Ich glaube, dass der Leidtragende der sogenannte etablierte Mittelstand ist, Unternehmen mit 10 bis 30, 40 Millionen Euro Jahresumsatz. Bei den größeren Unternehmen spielen die Politik und die Förderung im Land eine Rolle, sodass hier über finanzielle Unterstützung vielleicht wohlwollender entschieden wird.

Unternehmen aktualisieren laufend ihre Geschäftszahlen, korrigieren sie meist nach unten. Welche Konsequenzen hat dies auf ihr Ranking und damit auf die Risikoeinschätzung durch Banken und Investoren?
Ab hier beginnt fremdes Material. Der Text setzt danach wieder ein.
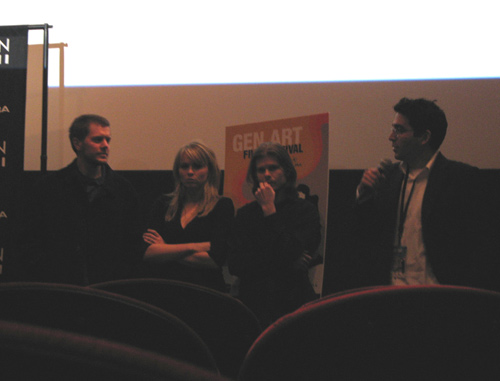 At the Gen Art Film Festival for a screening of When a Man Falls in the Forest. I don’t know that this film was ever released in theaters. Not surprising, given the rather trite material, but it seems a pity that more people won’t get the chance to see the brilliant (and brutal) scene where Timothy Hutton’s character leaves a rambling, pleading confessional voicemail message for his estranged wife (Sharon Stone). It’s all done in a single lingering close-up take — and though it feels too real to have been entirely scripted, we learned this night that it was. Every word.
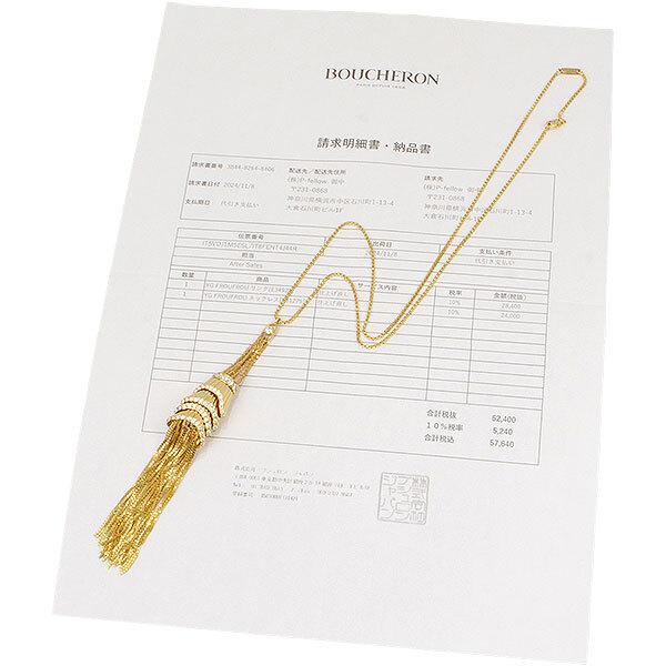 Category: JewelryType: NecklaceBrand: BoucheronChain Length: 55cmHead Size: 18.7 x 121.6 x 13.7mmGemstone: DiamondStamp: BOUCHERON OR750 E3****Weight: 43.7gMaterial: 18K Yellow Gold (18K Yellow Gold)List Price: UnknownAccessories: Original box and repair detailsCondition: A
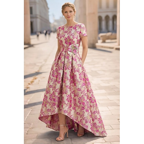 Linea ad A Asimmetrico Lunghezza alla caviglia Abiti da Cocktail Elegante Vintage Floreale Manica Corta Girocollo Festa in giardino Matrimonio Tasca Jacquard con Fiocco/Fiocchi Tasca
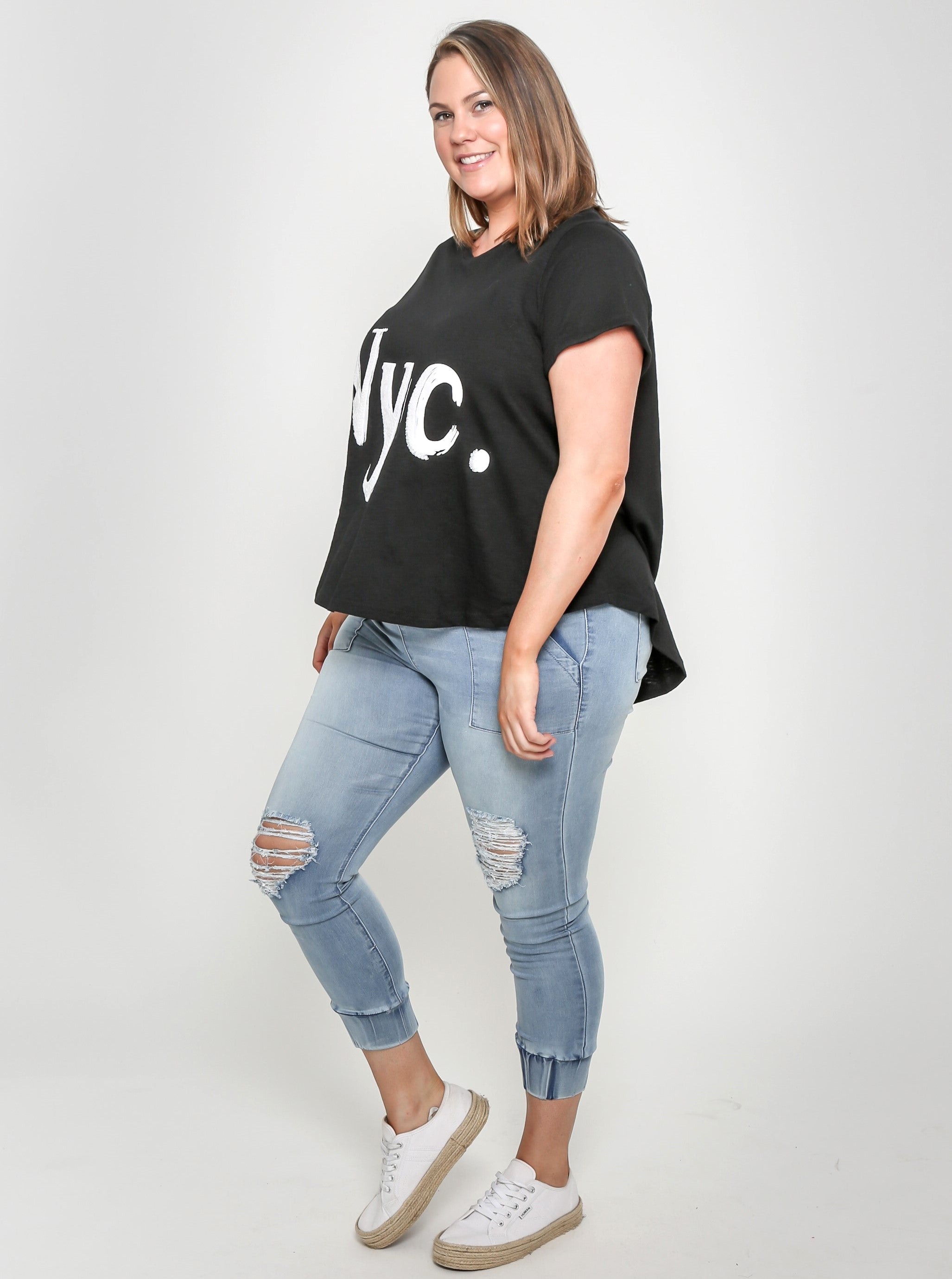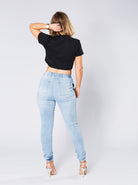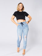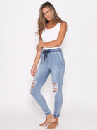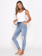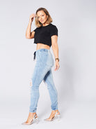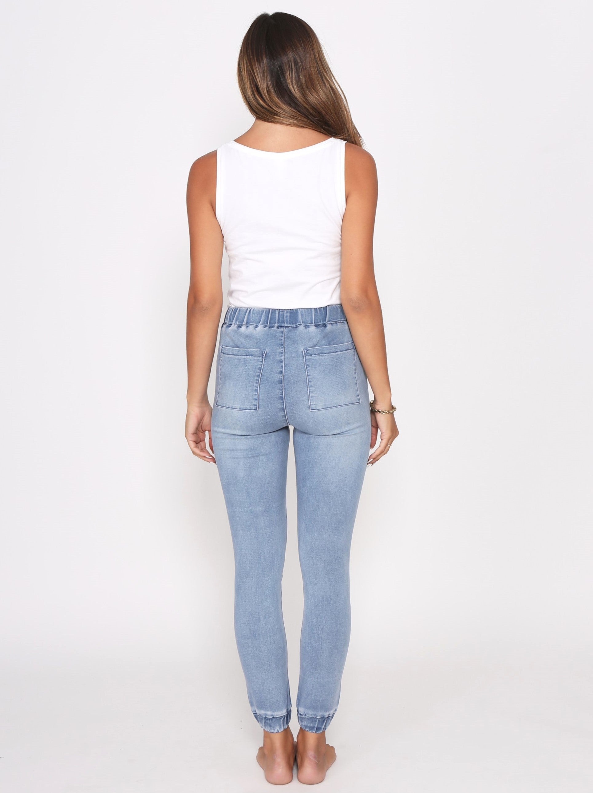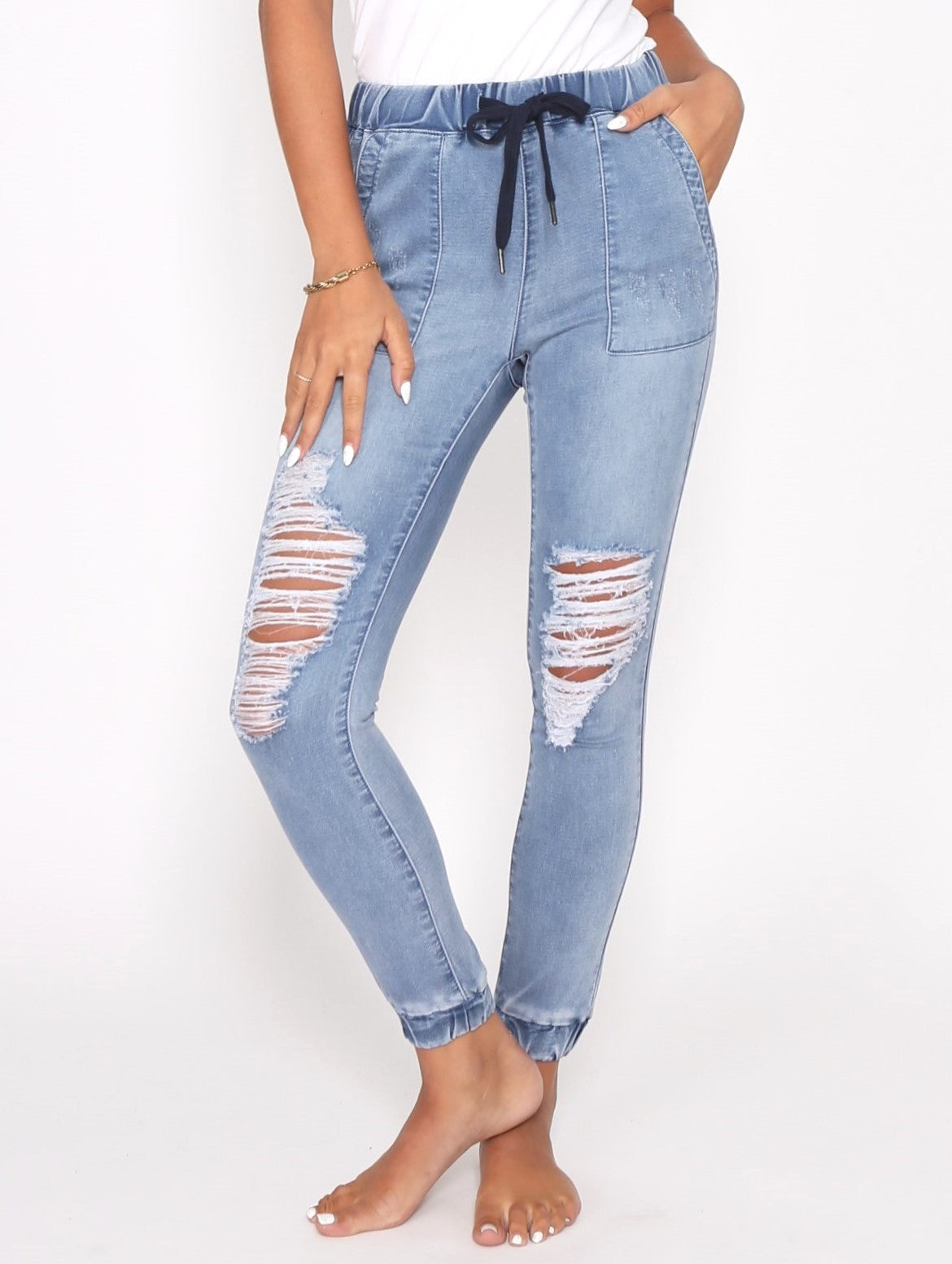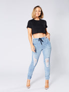 Our Ariana Denim Jogger is perfect addition to your everyday wardrobe. High-waisted style and elastic waistband with drawstring gives that feel of comfort that you have been looking for.
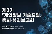 뉴스펀치 조평훈 기자 | 개인정보보호위원회는 12월 22일 서울 용산구에서 개인정보 기술개발 활성화 및 산업 생태계 기반 구축을 위한 제3기 '개인정보 기술포럼(의장 정수환 숭실대 교수)' 총회·성과보고회를 개최했다. 올 한 해 기술포럼은 데이터 경제 시대에 개인정보의 보호와 안전한 데이터 활용을 위하여 공개세미나(1회), 미니세미나(2회) 및 3개 분과별(정책·기술·표준화) 연구모임(18회) 등을 통해 ‘AI 프라이버시 분야 국내외 법제·정책 동향 및 비교 연구’, ‘AI 발전주기와 프라이버시 이슈 분석 연구’ 등 성과를 창출했다. 이날 총회 1부에서는 정수환 의장의 개회사를 시작으로, 이정렬 개인정보위 부위원장의 환영사와 이상중 한국인터넷진흥원 원장의 축사가 이어졌다. 이후 ’25년 제3기 기술포럼의 주요 성과 및 ’26년 기술포럼 운영 방향에 대한 보고회가 진행됐다. 이어서 2부에서는 정책, 기술, 표준화 3개 분과별로 주요 성과를 발표·공유하는 시간을 가졌다. 현장에는 그간 개인정보위가 추진해온 개인정보 기술 연구개발(R&D) 사업 중 올해 기술개발이 완료된 기술 일부의 시연 부스를 설치하여, 총회를 찾
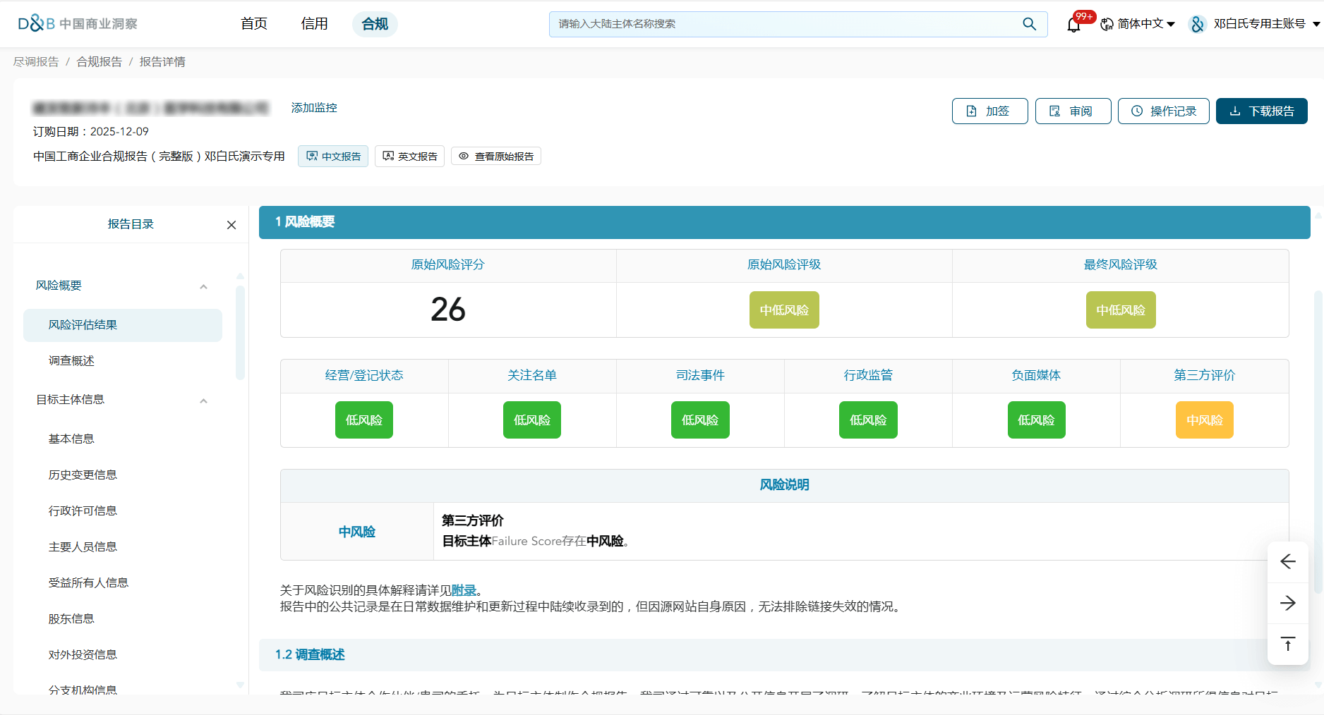 平台支持批量管理目标主体、审阅及下载合规尽职调查报告,大大提升合规管理团队的工作效率。
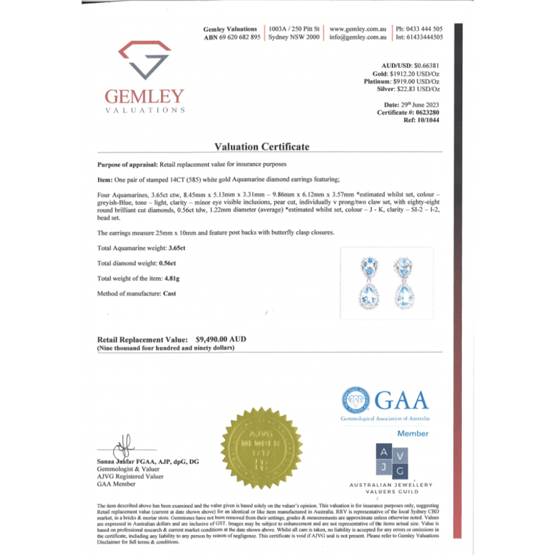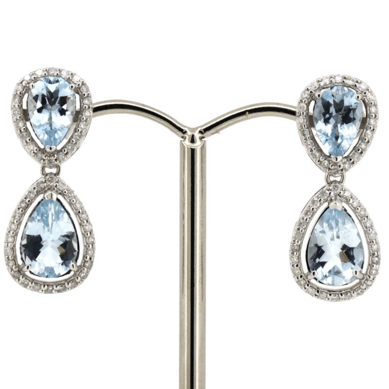 14K WHITE GOLD, AQUAMARINE AND DIAMOND, HALO DOUBLE DROP EARRINGS. The Design Features, 4 Pear Faceted Cut, Light Greyish-Blue, Aquamarines (3.65Ct Tsw, Minor Eye Visible Inclusions), Claw Set. Surrounded By, 88 Round Brilliant Cut, Diamonds (0.56Ct Tdw, J-K Colour, Si2-I2 Clarity), Bead Set. The Earrings Have Post Backs, With 14K White Gold Butterfly Clasps. Valuations Provided by an Independent Third-Party Professional Not Directly Associated With Lloyds Auctions at AUD $$9,490.00This valuation has been conducted by an independent third-party professional. The valuation amount is an assessment by the issuing valuer and does not reflect the auction value of the item. Any inquiries regarding the valuation should be directed to the issuing valuer (refer to contact details on the certificate), as Lloyds Auctions has no affiliation or influence over the valuation, the valuer, or the stated amount. Condition: Good - Refer Images 0645951+17
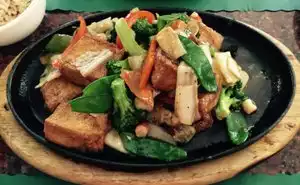 Best selection of all vegetarian/vegan Asian dishes I've ever seen. Everything our whole group had was tasty - and most of the folks were skeptical meat eaters. Very fresh veggies, tasty sauces, good rice. Can't go wrong!
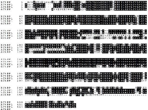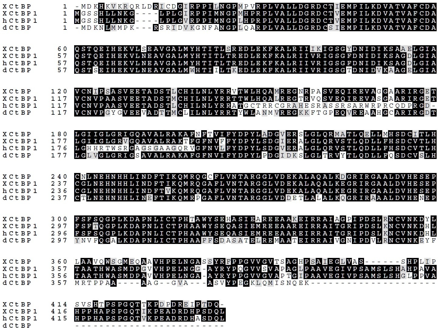 Fig. 3. Amino acid sequence of Xenopus CtBP compared with Xenopus and human CtBP1 and Drosophila CtBP. The Xenopus sequence
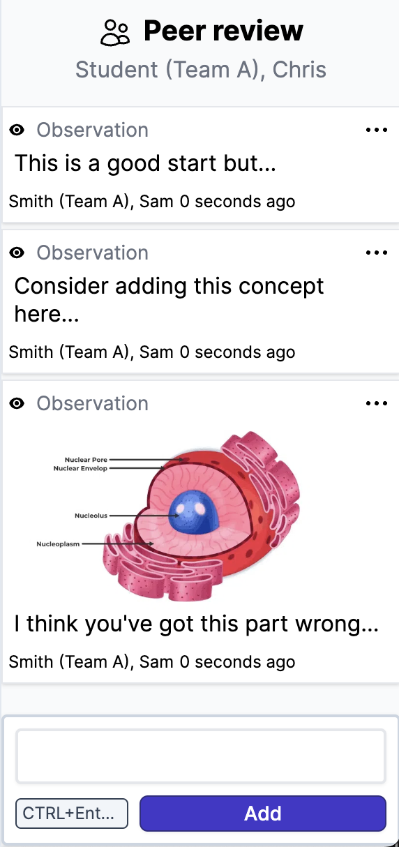 When learners view a completed phase with peer review enabled, they can use the Peer Review button and select another learner or team’s work to enter commenting mode. Every block in Allele has a button in the top right that allows reviewers to leave feedback on the learner’s work contextualized to that block.

Zur Liquiditäts-Unterstützung wurden ja in den letzten Monaten viele Kredite und insbesondere KfW-Mittel ausgegeben. Wer einen Kredit beantragte, wurde von seiner Hausbank, über die diese Fördermittel laufen, mit einem Rating versehen. Das ist der ganz normale Prozess bei einer Kreditvergabe. Das heißt, die Banken haben in den letzten Wochen die Ratings immer auf Basis der bis zu dem Zeitpunkt vorhandenen Zahlen vorgenommen. Zum Kreditprozess gehört aber auch, dass die Banken, sobald ihnen neue Zahlen vorliegen, ihre Ratings aktualisieren müssen. Die Ergebnisse aus dem ersten Quartal kommen jetzt – und die dürften sich in den meisten Fällen verschlechtert haben. Dementsprechend massiv wirken sie sich auf die Ratings aus. Sprich: Das Risiko für vergebene Kredite steigt. Das wiederum bedeutet, dass die Banken auf die Unternehmen zugehen werden, weil sie wissen wollen, was diese im Hinblick auf ihre Ergebnissituation vorhaben. Damit sind wir wieder bei dem bereits genannten Punkt: Was müssen und können die Unternehmen strategisch, strukturell und insbesondere im Bereich der Personalkosten tun? Hier entsteht dringender Handlungsbedarf, spätestens Ende Q2, Anfang Q3.

Wie können Unternehmen Ihr Geschäftsmodell und ihre Organisationsstrukturen gerade jetzt zukunftsfähig machen? Und: Wie können Sie dabei unterstützen?

Das Geschäftsmodell beschreibt, welche Produkte hergestellt bzw. welche Dienstleistungen erbracht werden. Damit verbunden ist die Frage, wie wirtschaftlich diese Produkte oder Dienstleistungen für das Unternehmen sind. Wie sehen ihre Deckungsbeiträge aus? Wie tragen sie zum Ergebnis des Unternehmens bei? Wir kategorisieren die Produkte und Dienstleistungen in sogenannte Gewinnbringer, Kostendecker und Verlustbringer. Diese Betrachtung gilt es als erstes anzustellen und daraus abzuleiten, auf welche Produkte und Dienstleistungen mit welcher Ertragskraft sich das Unternehmen einstellen soll. Wir prüfen parallel, welches wirtschaftliche Leistungsprofil das Unternehmen hat, also welche Umsätze dann möglich sind und wie die Organisations- und Personalstruktur dafür aussieht. In der Regel führt diese Analyse dazu, dass man diese Strukturen komplett überdenkt und versucht, effizienter zu gestalten. Wir fürchten, dass es hier zu deutlichen Straffungen kommen wird – auch, um ausbauen zu können, wenn das Geschäft wieder anzieht.